══ INPUT RECORDS ══

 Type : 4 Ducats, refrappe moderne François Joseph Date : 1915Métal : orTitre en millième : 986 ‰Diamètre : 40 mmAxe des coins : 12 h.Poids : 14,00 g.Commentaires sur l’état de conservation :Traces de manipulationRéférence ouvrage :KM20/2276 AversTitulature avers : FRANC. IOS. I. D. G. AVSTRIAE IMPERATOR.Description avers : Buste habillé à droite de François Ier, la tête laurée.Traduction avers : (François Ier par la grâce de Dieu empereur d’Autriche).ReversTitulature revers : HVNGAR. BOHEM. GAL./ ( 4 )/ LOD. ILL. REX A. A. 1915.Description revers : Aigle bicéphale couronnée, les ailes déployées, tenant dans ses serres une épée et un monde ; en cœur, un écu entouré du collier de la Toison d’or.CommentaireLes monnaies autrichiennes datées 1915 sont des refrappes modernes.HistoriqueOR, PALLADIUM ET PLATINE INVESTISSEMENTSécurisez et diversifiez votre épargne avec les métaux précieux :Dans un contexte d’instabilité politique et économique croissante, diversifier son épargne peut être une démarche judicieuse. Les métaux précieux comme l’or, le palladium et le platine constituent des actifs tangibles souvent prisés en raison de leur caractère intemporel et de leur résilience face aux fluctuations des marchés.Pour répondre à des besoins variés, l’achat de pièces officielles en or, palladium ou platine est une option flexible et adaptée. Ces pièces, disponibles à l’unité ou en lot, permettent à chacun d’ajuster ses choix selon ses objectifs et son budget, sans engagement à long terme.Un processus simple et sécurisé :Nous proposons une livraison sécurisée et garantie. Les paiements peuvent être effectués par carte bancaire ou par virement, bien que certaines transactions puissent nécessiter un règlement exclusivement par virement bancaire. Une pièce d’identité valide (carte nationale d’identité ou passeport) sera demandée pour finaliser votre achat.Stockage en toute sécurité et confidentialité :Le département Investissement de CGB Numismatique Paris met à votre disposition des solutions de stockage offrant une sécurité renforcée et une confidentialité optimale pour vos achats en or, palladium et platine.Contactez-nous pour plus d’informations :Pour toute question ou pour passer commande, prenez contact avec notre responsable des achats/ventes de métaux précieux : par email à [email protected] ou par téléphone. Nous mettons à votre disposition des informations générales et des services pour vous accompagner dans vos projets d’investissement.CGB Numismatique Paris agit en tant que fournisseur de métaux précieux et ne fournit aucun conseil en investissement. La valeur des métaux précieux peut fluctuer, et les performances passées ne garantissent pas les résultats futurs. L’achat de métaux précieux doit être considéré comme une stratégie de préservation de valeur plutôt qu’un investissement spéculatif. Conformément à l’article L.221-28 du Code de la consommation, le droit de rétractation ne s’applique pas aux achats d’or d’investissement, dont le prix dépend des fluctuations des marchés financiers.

═══
══ INPUT RECORDS ══

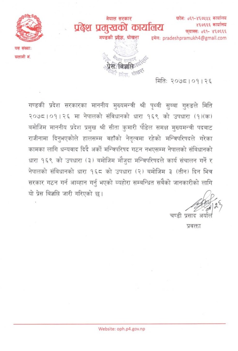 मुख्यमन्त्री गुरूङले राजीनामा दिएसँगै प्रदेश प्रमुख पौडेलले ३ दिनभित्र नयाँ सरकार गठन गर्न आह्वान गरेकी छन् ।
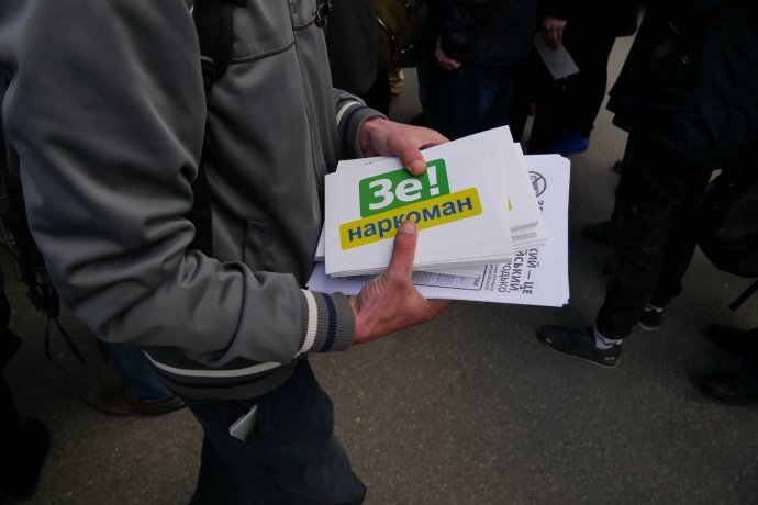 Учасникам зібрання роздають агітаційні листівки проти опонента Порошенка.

═══
══ INPUT RECORDS ══

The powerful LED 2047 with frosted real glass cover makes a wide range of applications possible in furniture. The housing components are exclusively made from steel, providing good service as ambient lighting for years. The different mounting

═══

YOUR ASSIGNMENT:
Output exactly the stretch of the listing that begins at the line containing "मुख्यमन्त्री गुरूङले राजीनामा" and ends at the line containing "Учасникам зібрання роздають", both kept. Omit pictures and everything else.

FINISHED EXERCISE:
 मुख्यमन्त्री गुरूङले राजीनामा दिएसँगै प्रदेश प्रमुख पौडेलले ३ दिनभित्र नयाँ सरकार गठन गर्न आह्वान गरेकी छन् ।
 Учасникам зібрання роздають агітаційні листівки проти опонента Порошенка.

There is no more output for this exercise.